What’s your game plan for the extra time you’ll have?
Having time on your side is an obvious benefit to running your business full time. But if you aren’t used to working for yourself or working independently, you might struggle a little bit with the lack of structure that can come from being self employed. I did pretty well with this, but I think having been homeschooled from grade 7 on really helped with that. When you’re homeschooled, you kind of get used to having to police yourself when it comes to doing your work and getting motivated. Self employment is a lot like that. Yes, I can binge watch Jane the Virgin all day. Or I can write blog posts and package client gifts. Or, I can do a little of both!

What do you plan to do with your extra hours now that you don’t have somewhere specific you have to be from 8am – 5pm? I wrote out a long list of goals and projects that I wanted to work on with my additional time. With my list in hand, I felt like I had direction and like I was really maximizing my newfound time.

What are you willing to sacrifice?
I remember feeling so many things when I made the decision to quit my day job. Anxiety. Fear. Excitement. Joy. One of the biggest feelings was determination. I was so determined to make it work, or go all out trying. I hated my full time job. I just wasn’t cut out for that kind of environment. I knew this was what I wanted with all of my heart. I was willing to sacrifice having any kind of “fun” in our lifestyle. Dinners out, movies, new clothes, vacations, etc. I even cancelled our Netflix and my Birchbox subscription! That’s what it meant to me to be able to leave my full time job barely a year into my business.

There were times back then when we struggled because I was still building the foundation of the business and wasn’t charging much. But the sacrifices we made never felt as difficult as they would have if I didn’t want it as much as I did. So you have to ask yourself….what are you willing to give up if you have to? What are you willing to sacrifice? How far are you willing to go? And, what’s your spouse, if you have one, willing to give up? John and I are a team, so he had to give up Netflix and Jimmy John’s, too for me to try to make my dream work. Not everyone’s spouse is ready to give up takeout sandwiches and binge watching, so you’ve got to consider that.

What’s your backup plan?
I hate to be a downer, but you’ve got to be practical. If it turns out that you hate being self employed, or it just isn’t working out, or you aren’t where you need to be financially, what’s your backup plan? Mine was two-fold.
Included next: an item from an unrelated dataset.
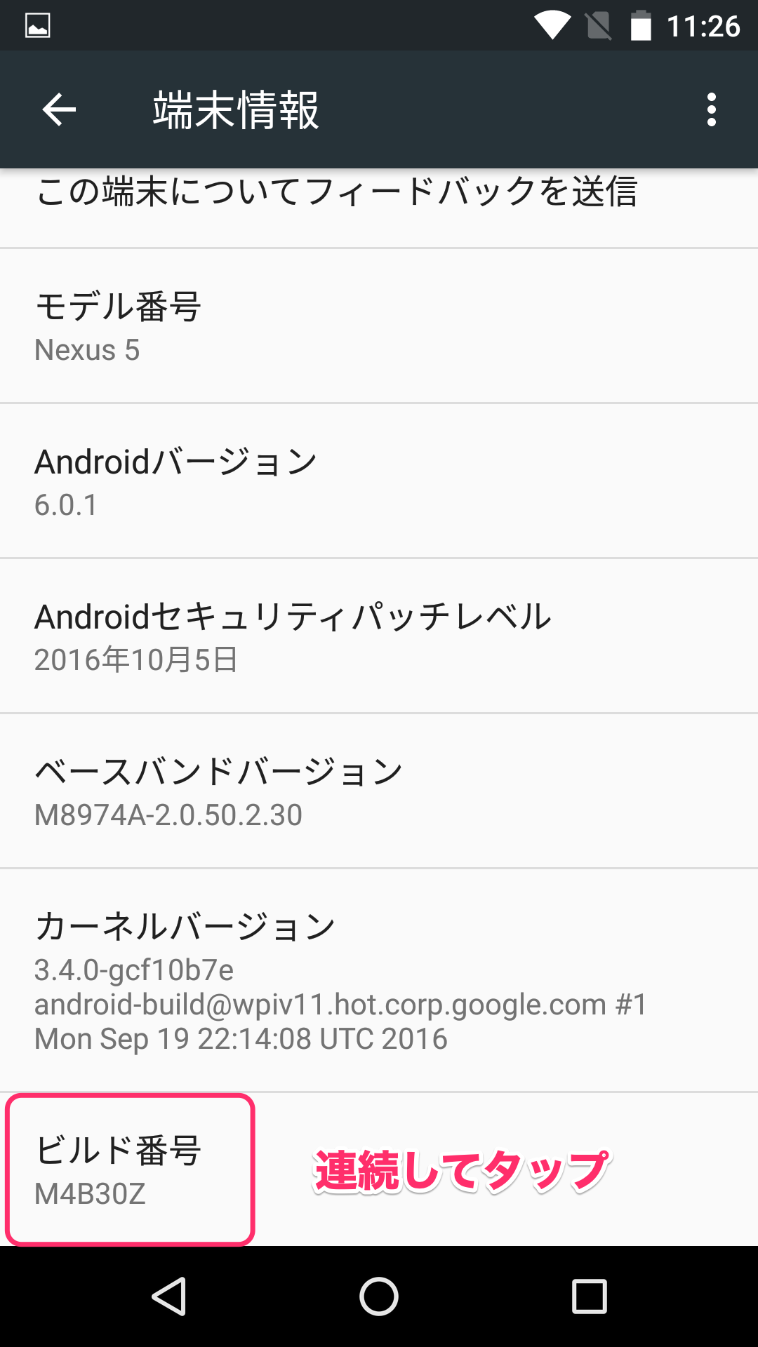 デバイスの設定メニューより端末情報を選択し、ビルド番号これでディベロパーになりましたが表示されるまでタップし続けます。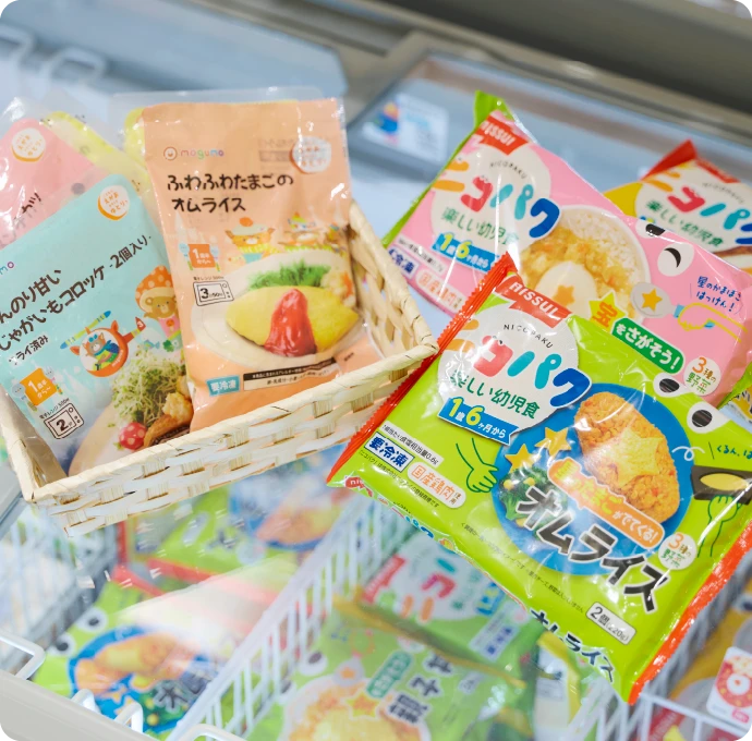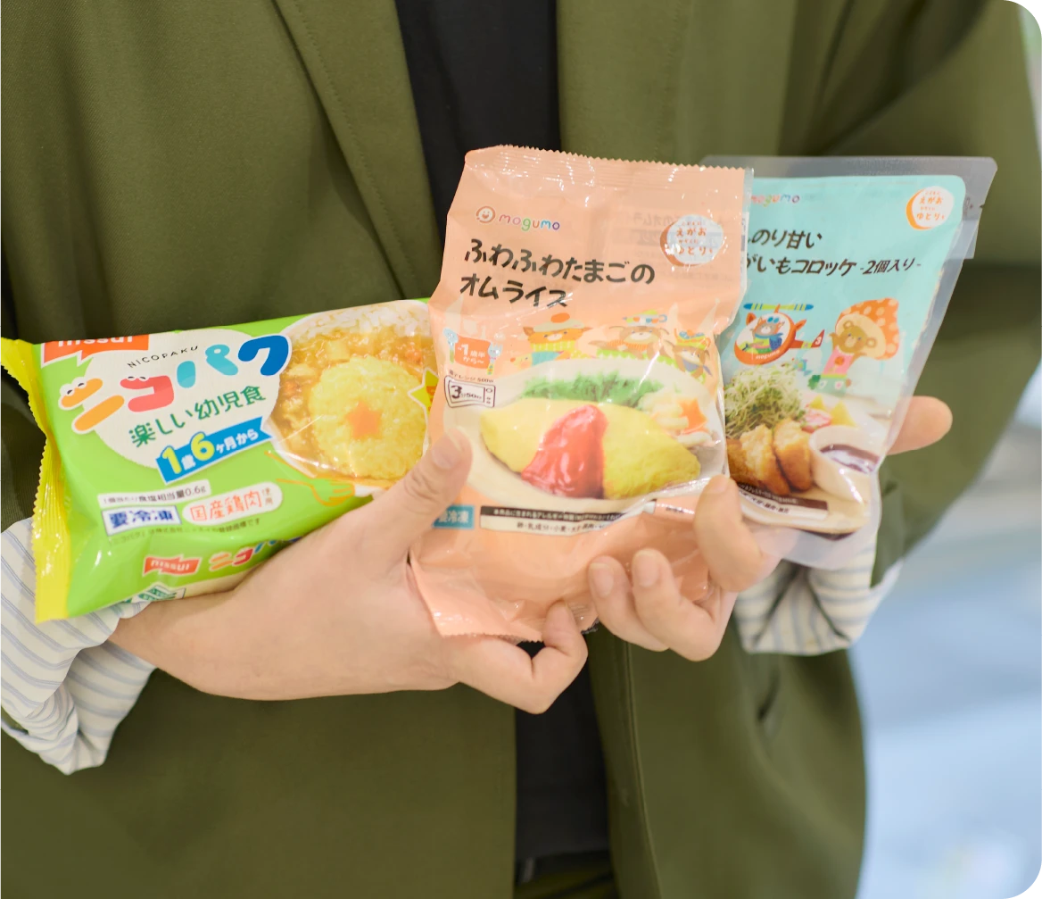 幼児食の取り扱い拡大に取り組んできた山崎さんにとって、幼児向け冷凍食品の導入はずっと実現したい目標だった。 「近年の急激な技術の進化によって、冷凍食品の種類も数も大幅に増えています。特に調理済みの冷凍食品は、温めるだけで食卓に出せてしかもできたてのような美味しさを楽しめます。ここに、今までにない幼児食としての大きな可能性を感じていました」。

I could always get a part time job if I needed to. And if that still wasn’t enough, the worst case scenario would be going back to a full time desk job. I didn’t want either of those things though, so instead I hustled. I booked boudoir marathons and winter mini sessions to fill my downtime even though my goal was to work in the niche of “wedding” photography. I did family photography, product photography, and most importantly, stayed humble and remembered that it’s business. I never had to resort to my backup plan (knock on wood!), but I’m glad I had it because knowing it was there helped calm my fears during some of those tougher times!

There are so many things to consider when deciding to make such a big change, but these are just a few things that helped make my own transition a bit more smooth. It’s been such an amazing journey being a full time wedding photographer, and I’m grateful for every day I get to do it!

The last thing thing I wanted to mention is, not everyone is cut out to run their business full time, and that’s also totally okay. I think that’s why it’s important to consider the things I listed here. Maybe you don’t WANT to sacrifice your Netflix and dinner dates and you’d rather work your full time job and keep your photography business as your side hustle. That’s totally fine. No judgement here. It’s all about doing what’s right for YOU. At the end of the day, you’re the person you answer to. Not society. Not the “industry”. Not your peers. Not Sallie Mae. (Okay, maybe you do still answer to Sallie Mae. Bad example). The point is, life’s way too short to live on someone else’s terms.